**Action item**
Everything from the line with "2月26日、アイリスオーヤマ" down to the line with "- Vasa previa." below must be printed exactly, those two lines included. Exclude pictures.

Start of Entries shown

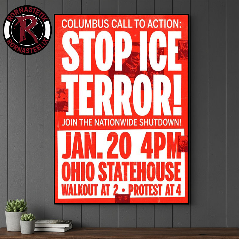 Product Highlights – Wall Art Featuring Stop Ice Terror Join The Nationwide Shutdown Columbus Call To Action January 20 2026 Poster Canvas Decor
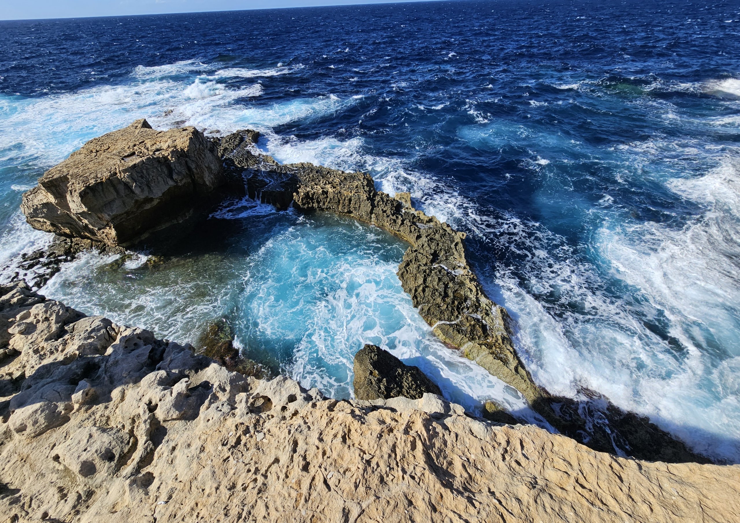 Çökmüş Azure Penceresi'nin bakış açısından, kıyıdan hemen açıkta doğal bir deniz havuzu oluşturan eşsiz bir kaya oluşumunun manzarasını göreceksiniz.
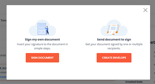 - Get started with clicking on the ‘Sign my own document’ or ‘Send document to sign’ option.
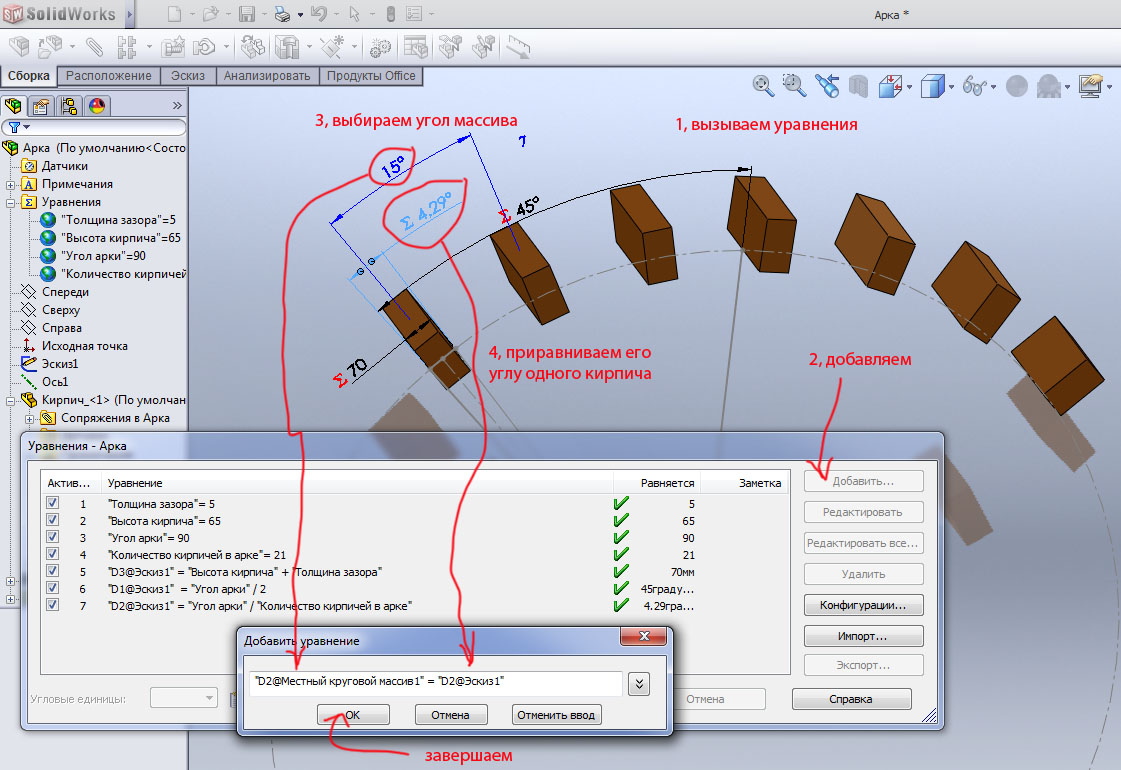 | Можно ли сделать свод русской печи например. Ведь он кладётся в связку. Да и ещё есть нюансы. Наклон например. Я понял что свод или арку строят в солиде один раз. После только изменяют параметры. |
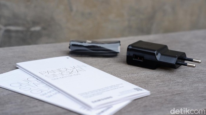 Aksesori yang disertakan dalam kotak penjualan berupa charger, kabel data USB Type C dan buku petunjuk. Foto: Adi Fida Rahman/detikINET
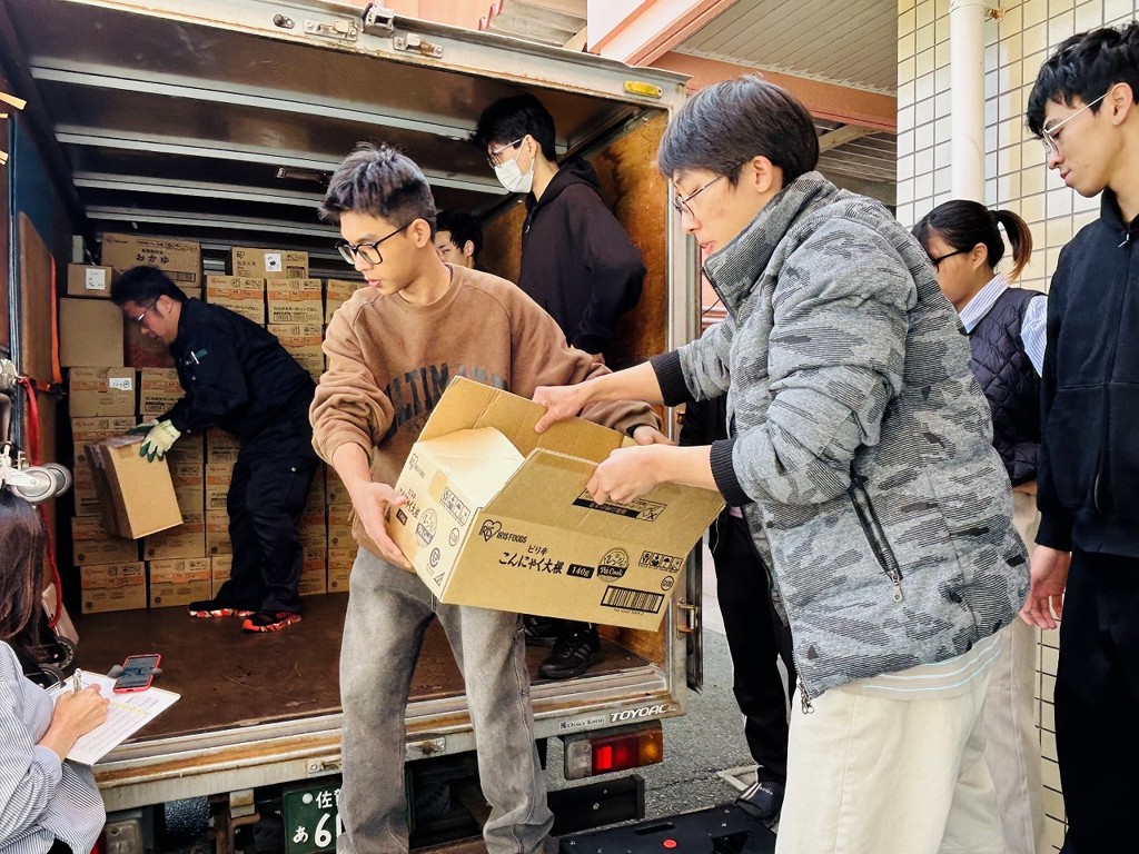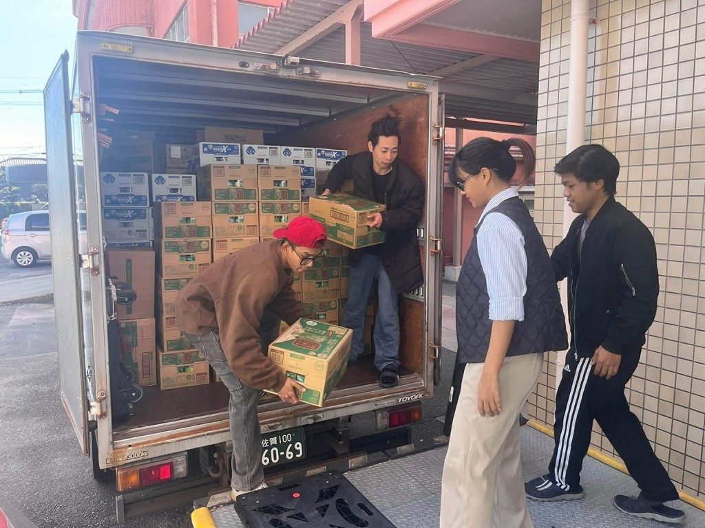 2月26日、アイリスオーヤマ様より食品のご寄付をいただきました。当日はドライバーの方や佐賀女子短期大学学生ボランティアの皆さんも一緒に搬入していただき、アイリスオーヤマ様のこども達を応援する思いをしっかり受け取りました。
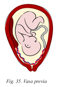 - Vasa previa. Se trata de vasos umbilicales que cruzan por delante de la presentación de forma anómala y después se introducen en el cordón umbilical. En el parto, si se rompe uno de estos vasos se puede producir una hemorragia importante y un sufrimiento fetal agudo.
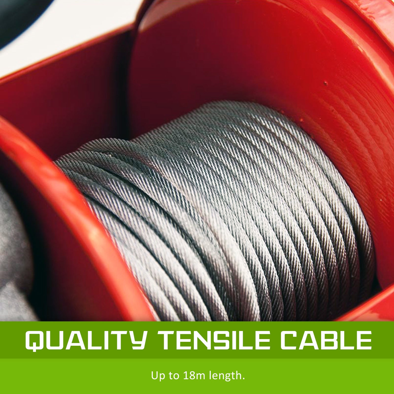The Electric Hoist is powered by a Lateral-Magnetic Single-Phase capacitance motor and fully featured compact lifting solution you've been looking for. Capable of reaching a maximum height of 18m, it carries a maximum load of 250kgs using a clever dual pulley and is powered by a 510W commercial cycle motor.
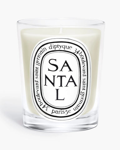 Parisisk Duft af Sandalwood Diptyque Santal Standard Candle præsenterer sig i en gennemsigtig glasbeholder med den karakteristiske etiket fra det p...
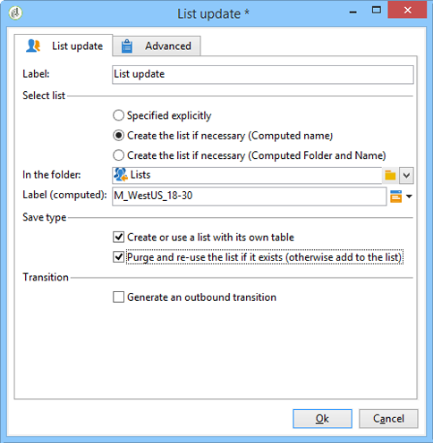 Si vous souhaitez que la liste créée ou mise à jour utilise une autre table que la table des destinataires, cochez l'option Créer ou utiliser une liste ayant sa propre table.

End of Entries shown

**The answer**
 2月26日、アイリスオーヤマ様より食品のご寄付をいただきました。当日はドライバーの方や佐賀女子短期大学学生ボランティアの皆さんも一緒に搬入していただき、アイリスオーヤマ様のこども達を応援する思いをしっかり受け取りました。
 - Vasa previa. Se trata de vasos umbilicales que cruzan por delante de la presentación de forma anómala y después se introducen en el cordón umbilical. En el parto, si se rompe uno de estos vasos se puede producir una hemorragia importante y un sufrimiento fetal agudo.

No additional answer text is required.